If you decide that you want eg 2000 deep cycles out of a battery and the way to do this is to charge ag eg C/12.3456 or whatever, and nothing else, then the only way to do this with certainty in a solar powered system is to ensure that there are never storms or clouds (or nights).
BUT in most cases CC Imax is not (as I have said above) some special magic figure that must be adhered to closely but rather is a maximum set for (usually) battery health reasons. It is unlikely that if you decide that 12A max is max that using 8 to 12 & varying and occasionally 2A or 0 A is going to do any harm. The end of CC charging is almost never set by timer and calculation but by the battery reaching a desired voltage. Taking somewhat longer to get there than absolute minimum is not usually a problem.
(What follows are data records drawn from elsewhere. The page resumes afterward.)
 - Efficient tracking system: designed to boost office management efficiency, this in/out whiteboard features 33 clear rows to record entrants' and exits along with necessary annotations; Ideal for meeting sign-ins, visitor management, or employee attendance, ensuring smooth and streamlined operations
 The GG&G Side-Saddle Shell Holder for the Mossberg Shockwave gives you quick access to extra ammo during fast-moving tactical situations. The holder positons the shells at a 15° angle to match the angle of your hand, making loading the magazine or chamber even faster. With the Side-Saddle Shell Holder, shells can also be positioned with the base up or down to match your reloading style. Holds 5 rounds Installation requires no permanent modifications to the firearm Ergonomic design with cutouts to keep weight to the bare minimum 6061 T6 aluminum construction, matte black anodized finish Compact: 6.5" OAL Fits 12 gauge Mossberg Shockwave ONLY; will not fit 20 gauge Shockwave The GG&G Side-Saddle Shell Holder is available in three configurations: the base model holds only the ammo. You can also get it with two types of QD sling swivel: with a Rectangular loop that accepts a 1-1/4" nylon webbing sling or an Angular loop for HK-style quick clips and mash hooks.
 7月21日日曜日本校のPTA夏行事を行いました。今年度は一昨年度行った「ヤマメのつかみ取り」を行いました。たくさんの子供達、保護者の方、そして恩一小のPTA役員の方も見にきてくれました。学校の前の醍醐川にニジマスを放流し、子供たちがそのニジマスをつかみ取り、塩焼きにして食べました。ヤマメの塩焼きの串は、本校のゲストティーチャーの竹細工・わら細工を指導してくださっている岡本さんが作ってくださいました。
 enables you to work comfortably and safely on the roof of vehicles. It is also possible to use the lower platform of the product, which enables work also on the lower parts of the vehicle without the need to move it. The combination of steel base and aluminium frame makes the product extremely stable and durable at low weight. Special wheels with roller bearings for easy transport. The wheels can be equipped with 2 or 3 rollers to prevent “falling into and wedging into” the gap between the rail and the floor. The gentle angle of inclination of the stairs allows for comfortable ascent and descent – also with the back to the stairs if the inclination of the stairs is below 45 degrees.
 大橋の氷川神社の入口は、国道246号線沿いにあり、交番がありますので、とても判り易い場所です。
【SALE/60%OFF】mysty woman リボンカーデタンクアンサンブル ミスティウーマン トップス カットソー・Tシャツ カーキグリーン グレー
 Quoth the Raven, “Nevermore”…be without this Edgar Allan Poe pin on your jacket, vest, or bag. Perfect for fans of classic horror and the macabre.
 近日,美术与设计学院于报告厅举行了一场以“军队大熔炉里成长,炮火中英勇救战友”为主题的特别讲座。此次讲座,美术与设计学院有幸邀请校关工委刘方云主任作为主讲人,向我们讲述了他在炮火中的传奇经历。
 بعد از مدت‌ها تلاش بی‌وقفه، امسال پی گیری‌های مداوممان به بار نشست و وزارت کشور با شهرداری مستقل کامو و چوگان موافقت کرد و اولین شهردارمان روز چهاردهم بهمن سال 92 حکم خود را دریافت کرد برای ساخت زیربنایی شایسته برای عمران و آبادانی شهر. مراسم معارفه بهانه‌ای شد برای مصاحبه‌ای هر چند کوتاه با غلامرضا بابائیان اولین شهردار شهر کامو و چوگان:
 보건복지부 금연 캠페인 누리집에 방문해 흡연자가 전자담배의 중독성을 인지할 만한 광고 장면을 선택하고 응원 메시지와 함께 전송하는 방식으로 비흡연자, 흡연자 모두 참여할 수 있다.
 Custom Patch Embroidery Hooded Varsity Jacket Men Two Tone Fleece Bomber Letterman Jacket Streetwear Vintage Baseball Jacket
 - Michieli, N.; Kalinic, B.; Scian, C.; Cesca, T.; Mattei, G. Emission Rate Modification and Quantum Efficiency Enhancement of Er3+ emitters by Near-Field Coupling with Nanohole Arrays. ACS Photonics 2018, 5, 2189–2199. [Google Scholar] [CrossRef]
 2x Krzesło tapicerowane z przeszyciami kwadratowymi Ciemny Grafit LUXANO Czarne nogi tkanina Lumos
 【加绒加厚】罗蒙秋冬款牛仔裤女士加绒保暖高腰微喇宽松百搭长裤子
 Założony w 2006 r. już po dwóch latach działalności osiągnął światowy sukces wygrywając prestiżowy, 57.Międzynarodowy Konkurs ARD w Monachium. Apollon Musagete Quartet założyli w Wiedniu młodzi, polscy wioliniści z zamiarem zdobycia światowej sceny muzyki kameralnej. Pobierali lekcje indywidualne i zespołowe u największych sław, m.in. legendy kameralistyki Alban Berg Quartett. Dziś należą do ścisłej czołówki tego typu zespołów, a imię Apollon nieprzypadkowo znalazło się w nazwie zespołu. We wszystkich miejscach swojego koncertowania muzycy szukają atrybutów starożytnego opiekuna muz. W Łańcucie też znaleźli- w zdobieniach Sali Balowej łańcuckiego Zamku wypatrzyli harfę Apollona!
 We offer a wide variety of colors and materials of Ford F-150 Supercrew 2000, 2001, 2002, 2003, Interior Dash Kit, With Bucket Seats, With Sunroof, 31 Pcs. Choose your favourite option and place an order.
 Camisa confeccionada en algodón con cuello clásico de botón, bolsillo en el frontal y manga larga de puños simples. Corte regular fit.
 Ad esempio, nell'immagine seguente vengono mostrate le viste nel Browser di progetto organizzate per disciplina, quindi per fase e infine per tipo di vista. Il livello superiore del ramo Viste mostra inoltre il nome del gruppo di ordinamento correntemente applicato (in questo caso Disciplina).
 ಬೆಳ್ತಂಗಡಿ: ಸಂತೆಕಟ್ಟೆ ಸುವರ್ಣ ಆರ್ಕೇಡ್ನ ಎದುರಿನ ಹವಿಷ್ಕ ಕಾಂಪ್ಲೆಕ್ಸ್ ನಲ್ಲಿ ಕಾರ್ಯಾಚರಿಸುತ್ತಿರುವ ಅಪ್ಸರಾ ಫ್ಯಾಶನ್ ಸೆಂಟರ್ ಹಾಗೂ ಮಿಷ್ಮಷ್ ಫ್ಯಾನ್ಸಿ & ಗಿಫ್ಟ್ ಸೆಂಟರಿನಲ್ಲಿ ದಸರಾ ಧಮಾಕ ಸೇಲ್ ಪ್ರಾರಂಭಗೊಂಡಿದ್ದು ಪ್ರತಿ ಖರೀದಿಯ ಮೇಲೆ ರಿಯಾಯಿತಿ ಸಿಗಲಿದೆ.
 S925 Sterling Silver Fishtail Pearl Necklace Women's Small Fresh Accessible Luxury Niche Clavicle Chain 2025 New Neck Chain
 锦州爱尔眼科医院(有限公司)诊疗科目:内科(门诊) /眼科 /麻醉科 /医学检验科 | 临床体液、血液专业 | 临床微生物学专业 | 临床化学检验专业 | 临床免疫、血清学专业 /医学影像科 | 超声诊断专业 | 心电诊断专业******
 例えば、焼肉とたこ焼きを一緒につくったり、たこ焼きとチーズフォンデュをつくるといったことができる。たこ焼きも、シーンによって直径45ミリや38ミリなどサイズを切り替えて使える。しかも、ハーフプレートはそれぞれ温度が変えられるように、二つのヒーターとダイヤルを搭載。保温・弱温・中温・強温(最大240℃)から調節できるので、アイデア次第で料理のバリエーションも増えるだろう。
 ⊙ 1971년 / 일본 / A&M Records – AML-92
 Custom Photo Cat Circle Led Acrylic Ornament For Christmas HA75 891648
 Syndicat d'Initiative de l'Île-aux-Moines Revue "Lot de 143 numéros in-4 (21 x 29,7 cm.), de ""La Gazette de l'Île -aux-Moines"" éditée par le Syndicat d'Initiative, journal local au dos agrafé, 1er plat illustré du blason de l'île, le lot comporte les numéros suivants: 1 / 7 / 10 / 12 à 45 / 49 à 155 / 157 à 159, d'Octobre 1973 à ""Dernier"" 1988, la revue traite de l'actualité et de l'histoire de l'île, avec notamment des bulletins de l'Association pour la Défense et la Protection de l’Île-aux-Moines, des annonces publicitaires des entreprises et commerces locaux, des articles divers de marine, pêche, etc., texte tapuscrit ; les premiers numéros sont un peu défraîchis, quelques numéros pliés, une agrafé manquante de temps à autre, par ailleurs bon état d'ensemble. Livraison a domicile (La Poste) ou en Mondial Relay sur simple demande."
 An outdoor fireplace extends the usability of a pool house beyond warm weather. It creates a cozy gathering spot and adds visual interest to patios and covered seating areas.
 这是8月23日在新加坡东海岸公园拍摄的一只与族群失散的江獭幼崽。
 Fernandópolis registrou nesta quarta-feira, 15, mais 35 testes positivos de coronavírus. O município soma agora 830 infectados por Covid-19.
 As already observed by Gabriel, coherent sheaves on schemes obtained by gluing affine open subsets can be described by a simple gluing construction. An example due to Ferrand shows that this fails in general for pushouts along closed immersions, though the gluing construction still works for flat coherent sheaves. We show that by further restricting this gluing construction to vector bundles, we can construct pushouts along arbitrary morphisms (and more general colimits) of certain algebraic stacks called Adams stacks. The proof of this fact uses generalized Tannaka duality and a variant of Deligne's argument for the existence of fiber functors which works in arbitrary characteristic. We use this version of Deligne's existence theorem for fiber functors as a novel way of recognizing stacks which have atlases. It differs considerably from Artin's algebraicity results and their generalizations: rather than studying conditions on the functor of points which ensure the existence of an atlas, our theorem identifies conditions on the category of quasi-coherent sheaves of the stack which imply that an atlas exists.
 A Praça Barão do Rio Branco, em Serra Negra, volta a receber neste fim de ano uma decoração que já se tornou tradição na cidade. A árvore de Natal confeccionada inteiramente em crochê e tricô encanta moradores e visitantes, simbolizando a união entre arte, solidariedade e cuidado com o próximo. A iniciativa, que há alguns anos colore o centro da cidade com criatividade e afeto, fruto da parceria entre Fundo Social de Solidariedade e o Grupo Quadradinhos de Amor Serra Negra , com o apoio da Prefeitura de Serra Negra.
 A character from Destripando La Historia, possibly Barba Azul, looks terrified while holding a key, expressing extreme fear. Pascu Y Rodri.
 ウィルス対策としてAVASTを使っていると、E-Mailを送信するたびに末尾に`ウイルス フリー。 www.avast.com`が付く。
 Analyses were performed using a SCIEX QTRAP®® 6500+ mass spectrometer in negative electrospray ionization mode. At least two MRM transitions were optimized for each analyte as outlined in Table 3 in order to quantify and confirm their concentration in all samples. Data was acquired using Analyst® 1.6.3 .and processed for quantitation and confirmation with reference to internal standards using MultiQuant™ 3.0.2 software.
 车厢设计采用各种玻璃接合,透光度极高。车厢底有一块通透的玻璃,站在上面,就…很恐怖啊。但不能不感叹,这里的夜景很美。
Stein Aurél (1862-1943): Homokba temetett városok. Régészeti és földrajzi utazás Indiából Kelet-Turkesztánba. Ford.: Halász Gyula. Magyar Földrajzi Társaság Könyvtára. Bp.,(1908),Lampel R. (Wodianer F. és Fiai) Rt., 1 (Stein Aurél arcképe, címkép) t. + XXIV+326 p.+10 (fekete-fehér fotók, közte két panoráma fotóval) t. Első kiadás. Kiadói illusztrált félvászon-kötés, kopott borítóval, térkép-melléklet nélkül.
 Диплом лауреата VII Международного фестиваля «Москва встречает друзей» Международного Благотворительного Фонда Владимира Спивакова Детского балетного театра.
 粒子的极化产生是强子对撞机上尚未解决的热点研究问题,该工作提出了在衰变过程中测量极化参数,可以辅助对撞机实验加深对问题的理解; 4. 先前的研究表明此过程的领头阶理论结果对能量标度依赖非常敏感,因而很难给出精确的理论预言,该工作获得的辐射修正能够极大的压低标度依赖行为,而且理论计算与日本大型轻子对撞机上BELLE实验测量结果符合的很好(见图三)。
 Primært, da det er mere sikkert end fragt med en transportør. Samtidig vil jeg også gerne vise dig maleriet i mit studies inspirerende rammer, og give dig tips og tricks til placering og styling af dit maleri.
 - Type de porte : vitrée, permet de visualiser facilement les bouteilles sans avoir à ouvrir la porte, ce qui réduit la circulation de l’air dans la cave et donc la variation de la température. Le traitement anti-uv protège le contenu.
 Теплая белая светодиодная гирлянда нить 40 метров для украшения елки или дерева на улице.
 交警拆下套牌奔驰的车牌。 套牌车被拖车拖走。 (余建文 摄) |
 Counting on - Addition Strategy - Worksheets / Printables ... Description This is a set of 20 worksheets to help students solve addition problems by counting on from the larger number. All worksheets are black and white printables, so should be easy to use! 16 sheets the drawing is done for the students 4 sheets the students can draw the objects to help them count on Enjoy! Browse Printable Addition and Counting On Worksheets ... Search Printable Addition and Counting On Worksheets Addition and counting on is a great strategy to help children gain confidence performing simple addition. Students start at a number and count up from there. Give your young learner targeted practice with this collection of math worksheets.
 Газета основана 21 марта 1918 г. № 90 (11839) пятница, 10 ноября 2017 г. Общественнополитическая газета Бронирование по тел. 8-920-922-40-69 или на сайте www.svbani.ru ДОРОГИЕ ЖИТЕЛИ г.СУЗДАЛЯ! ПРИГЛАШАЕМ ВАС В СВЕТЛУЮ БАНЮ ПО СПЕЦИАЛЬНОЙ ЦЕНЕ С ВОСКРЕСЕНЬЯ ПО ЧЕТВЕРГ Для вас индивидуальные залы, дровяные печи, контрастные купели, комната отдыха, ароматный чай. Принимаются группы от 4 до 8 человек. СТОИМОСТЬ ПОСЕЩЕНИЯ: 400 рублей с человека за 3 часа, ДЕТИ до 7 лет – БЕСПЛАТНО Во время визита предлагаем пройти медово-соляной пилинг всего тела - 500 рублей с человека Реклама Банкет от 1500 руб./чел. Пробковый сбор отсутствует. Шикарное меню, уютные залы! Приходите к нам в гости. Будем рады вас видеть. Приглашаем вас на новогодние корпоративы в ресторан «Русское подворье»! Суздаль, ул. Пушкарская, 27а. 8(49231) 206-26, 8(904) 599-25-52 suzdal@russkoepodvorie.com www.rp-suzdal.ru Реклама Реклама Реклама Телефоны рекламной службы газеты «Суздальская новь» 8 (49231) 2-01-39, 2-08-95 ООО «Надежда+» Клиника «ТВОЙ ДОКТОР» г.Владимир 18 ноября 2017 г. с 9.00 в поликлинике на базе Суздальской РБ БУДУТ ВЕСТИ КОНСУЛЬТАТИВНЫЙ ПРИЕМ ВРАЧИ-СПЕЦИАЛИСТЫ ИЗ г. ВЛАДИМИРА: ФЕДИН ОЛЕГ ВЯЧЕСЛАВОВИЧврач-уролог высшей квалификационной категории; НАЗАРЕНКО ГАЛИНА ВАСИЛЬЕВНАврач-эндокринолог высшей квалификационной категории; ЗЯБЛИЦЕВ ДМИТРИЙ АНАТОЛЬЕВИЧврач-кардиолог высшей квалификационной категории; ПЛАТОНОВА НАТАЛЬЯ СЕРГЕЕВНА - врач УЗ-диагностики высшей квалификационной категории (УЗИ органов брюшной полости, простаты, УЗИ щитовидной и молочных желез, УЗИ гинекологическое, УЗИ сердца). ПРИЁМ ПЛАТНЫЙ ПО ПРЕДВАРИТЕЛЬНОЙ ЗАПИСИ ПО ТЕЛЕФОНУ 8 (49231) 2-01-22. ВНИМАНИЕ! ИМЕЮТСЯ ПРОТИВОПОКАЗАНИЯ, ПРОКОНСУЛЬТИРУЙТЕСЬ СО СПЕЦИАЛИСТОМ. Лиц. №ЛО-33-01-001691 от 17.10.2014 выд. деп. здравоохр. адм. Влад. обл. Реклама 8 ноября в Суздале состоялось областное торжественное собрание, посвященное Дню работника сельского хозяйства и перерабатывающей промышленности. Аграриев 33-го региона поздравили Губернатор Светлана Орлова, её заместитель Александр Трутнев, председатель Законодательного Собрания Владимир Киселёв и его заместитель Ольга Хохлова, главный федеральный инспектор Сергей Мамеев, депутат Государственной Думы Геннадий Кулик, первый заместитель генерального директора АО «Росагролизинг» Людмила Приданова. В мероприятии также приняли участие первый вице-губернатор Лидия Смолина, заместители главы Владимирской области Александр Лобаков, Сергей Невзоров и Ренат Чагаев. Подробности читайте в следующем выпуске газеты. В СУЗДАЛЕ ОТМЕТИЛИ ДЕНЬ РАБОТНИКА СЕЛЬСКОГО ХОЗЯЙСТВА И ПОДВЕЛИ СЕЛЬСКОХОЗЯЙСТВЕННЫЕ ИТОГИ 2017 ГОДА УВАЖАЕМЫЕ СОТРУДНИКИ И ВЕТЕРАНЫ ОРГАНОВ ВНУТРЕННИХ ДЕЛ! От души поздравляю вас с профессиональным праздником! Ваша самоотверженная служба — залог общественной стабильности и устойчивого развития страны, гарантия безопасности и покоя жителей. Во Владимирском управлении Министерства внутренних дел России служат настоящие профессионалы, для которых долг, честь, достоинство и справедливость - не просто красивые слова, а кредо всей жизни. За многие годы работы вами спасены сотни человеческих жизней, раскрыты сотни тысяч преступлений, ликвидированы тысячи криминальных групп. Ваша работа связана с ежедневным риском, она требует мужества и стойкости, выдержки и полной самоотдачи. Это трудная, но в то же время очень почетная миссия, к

| An area where having at least some Imin available is required is in providing a topping charge where the PV may be running out of ability to provide enough I at elevated V and you may be able to charge the battery forever at below required rate and never complete the charge. I've see this exact problem reported in systems with very small PV capacity relative to battery capacity. –
Best Answer
I've thought about this requirement recently.
As long as you keep the current from Vin to load partitioned away from the battery current then you should have minimal problems. ie if current went from Vin to battery and then Battery to load, the system needs to do extra work to be able to ignore Iin.
ie battery charge proper needs to be able to deal with net battery current during charging. As long as you make it possible for it to manage battery current during charging all will be well. This way (digram below) the battery-controller does not "see: what the external source is doing.
BUT if in goes to load directly and battery connects to load independently, then all is kept partitioned.
Battery - battery controller - Load
In practice this may be as simple as putting the load on the Vcharge side of the battery current sense. Current sense then sees true battery current (in or out) and is "unaware" of actual load current.
SO
If the external supply can operate the widget directly it will run without battery involvement. If not (say 100 mA charge, 300 mA load) then it will draw battery current to make up the difference.
End of constant current phase is tripped when the battery voltage reaches Vmaxchg *=(usually 4.2V/cell). This voltage may be slightly affected by available charge current but not much. [[Note: Charge % during constant current phase is usually rather less than 90%]]. So end of CC phase will not be much affected by widget running.
End of CV (constant voltage) phases occurs when Ichg drps to some % of Imax.
If external supply cannot support widget plus Ichg_current directly then Ichg wll decrease and charging may be terminated. You could either disable charge termination during widget running time or add a fake current value into the termination control circuitry to make it look like Ichg is steady when the widget runs. Easier done than thought of :-).
The subterfuge of adjusting apparent charge rate does no harm as battery will not be charging during these periods (and normal operation assumes when the widegt stops operating.